The other name for Nigeria is Nollywood.
Scoff at it, laugh off the phenomenon, but there’s no denying Nollywood as the alter ego of Nigeria in the eyes of an astounded world.
The Nigerian national football team, the Super Eagles, was in 2005 having a pulsating match with the Zimbabwean national team in Harare, and the Zimbabwean football fans held aloft one big banner: “Nigeria – Good only for Films!”
For the Zimbabweans, the prowess of Nigeria in the football pitch was not as great as the accomplishment of the country in the film industry.
The Zimbabweans are not alone. Across Africa and the world the Nigerian home movies are all the rage. Nollywood now jostles in movie production with America’s Hollywood and India’s Bollywood.
It all started quite inauspiciously in 1992 with the making of the breakthrough Igbo language movie Living in Bondage.
Okechukwu Ogunjiofor, popularly known as Paulo, after the character he played in Living in Bondage, lost an opportunity to study law in the university through an unfortunate road accident. He had to settle for studying at the Nigerian Television (NTA) College in Jos where he came under the tutelage of the celebrated NTA Director/Producer Chris Obi-Rapu.
On completion of the course Okechukwu could not get regular employment and had to make do hawking video cassettes at National Theatre in Lagos.
Okechukwu had the story of Living in Bondage in his head – a young man gets lured into the get-rich-quick cult and sacrifices his doting wife only to suffer disastrous consequences.
The theatre artistes rehearsing at the theatre could not understand why Okey should be hawking, and one of them, Ruth Osu, gave Okechukwu a note to meet Kenneth Nnebue who was into the marketing of Yoruba movies on VHS.
On meeting Kenneth Nnebue who would eventually provide the funding for Living in Bondage, Okechukwu said he needed N150,000 to be able to make the film. Kenneth told him that the amount was enough to make three Yoruba movies.
As Okechukwu had said he was not willing to shoot on VHS, Kenneth told him he was about to make a trip to Japan to procure cameras.
Kenneth then asked Okechukwu to put the story together while he made the trip to Japan.
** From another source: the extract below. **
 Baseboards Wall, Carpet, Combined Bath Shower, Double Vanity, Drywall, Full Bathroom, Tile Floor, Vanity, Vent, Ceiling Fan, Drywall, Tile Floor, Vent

It was then that Okechukwu made the momentous contact with his former instructor Chris Obi-Rapu to direct the landmark movie.
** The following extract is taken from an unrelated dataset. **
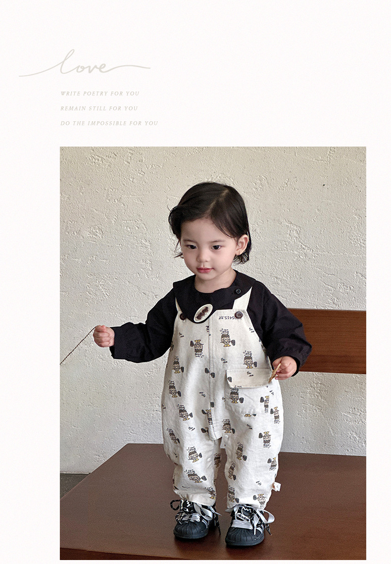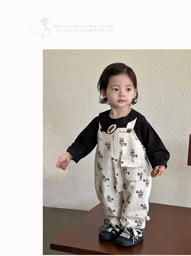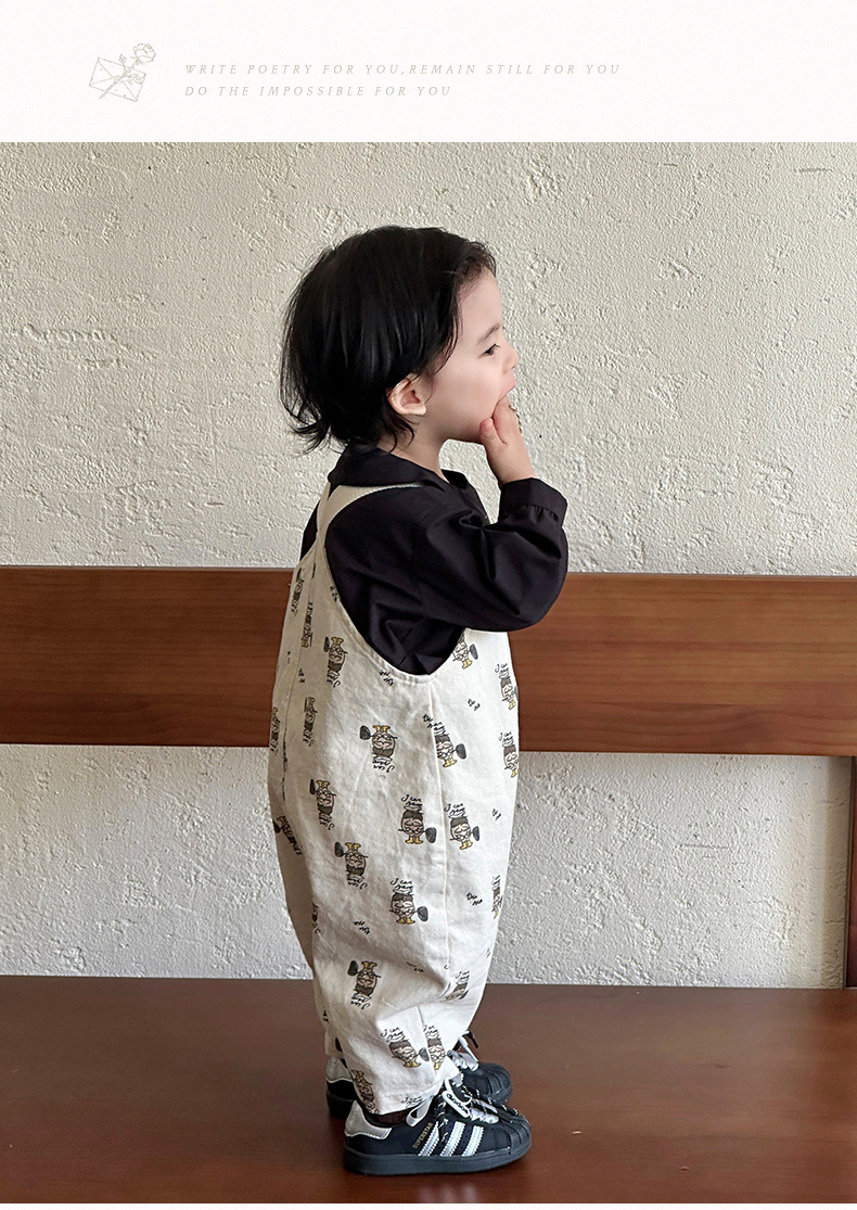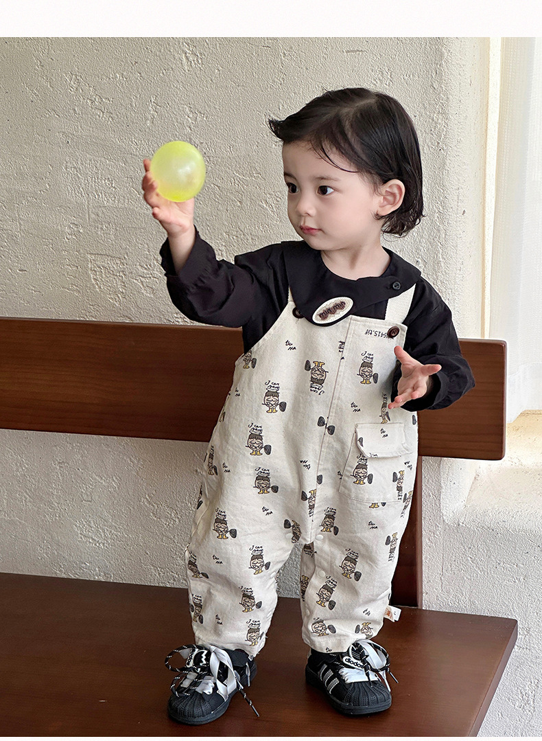 한국 아동복 트렌디 브랜드 작은 소년 정장 봄, 가을 비대칭 대형 라펠 셔츠 + 만화 작업복 투피스 세트 1스토어 가기

Since Obi-Rapu was still in the employ of the NTA he could not append his real name to the project and settled for a pseudonym, Vic Mordi, from his maternal side.
Obi-Rapu then went to work “to turn what would ordinarily pass for a concert play into a pioneering movie.”
According to Obi-Rapu, “What made the Nigeria home video industry to take off was the input from Okey Ogunjiofor and my direction. Nobody had wanted to do anything in Igbo or Yoruba among television producers around then because they felt it was degrading. There had been some shootings of Yoruba and Igbo videos. Mike Orihedimma recorded Igbo home videos in Onitsha, while NEK (Kenneth Nnebue) was recording and marketing Yoruba videos in Lagos. They were poorly produced and hardly ever directed. It is a known fact in filmmaking that it is the director that makes the film. If I had not shot Living in Bondage and Taboo there could not have been any Nollywood. This film business really took off because Living in Bondage was well shot as at that time. If I had not stood my grounds the financier could have influenced the production and direction in a negative way. I resisted him because I knew that he lacked the knowledge of filmmaking. It was a deliberate directorial effort that brought about the home video revolution. It was not accidental.”
On his part, Okechukwu informs that the making of Living in Bondage marked “the first time some people were paid in thousands of naira to act on a film. I got N500 because I had not made a film then. People like Bob-Manuel (Udokwu) and Francis Agu were paid a thousand naira each. As a producer and an actor, what I got was only N500.”
As the director, Obi-Rapu got the flat fee of N10,000.
Okechukwu’s formula for his Nollywood success runs thusly: “Unlike the Yorubas, the Eastern part of this country does not have cinema culture, and all of them are rich enough to have video machines in their homes, why don’t I take the film to their homes so that they can watch it?”
Obi-Rapu who was popularly hailed as Skippo in his NTA days took up the challenge by setting up camp in Badagry as the director.
And as if by magic, Nollywood is now here, a worldwide miracle.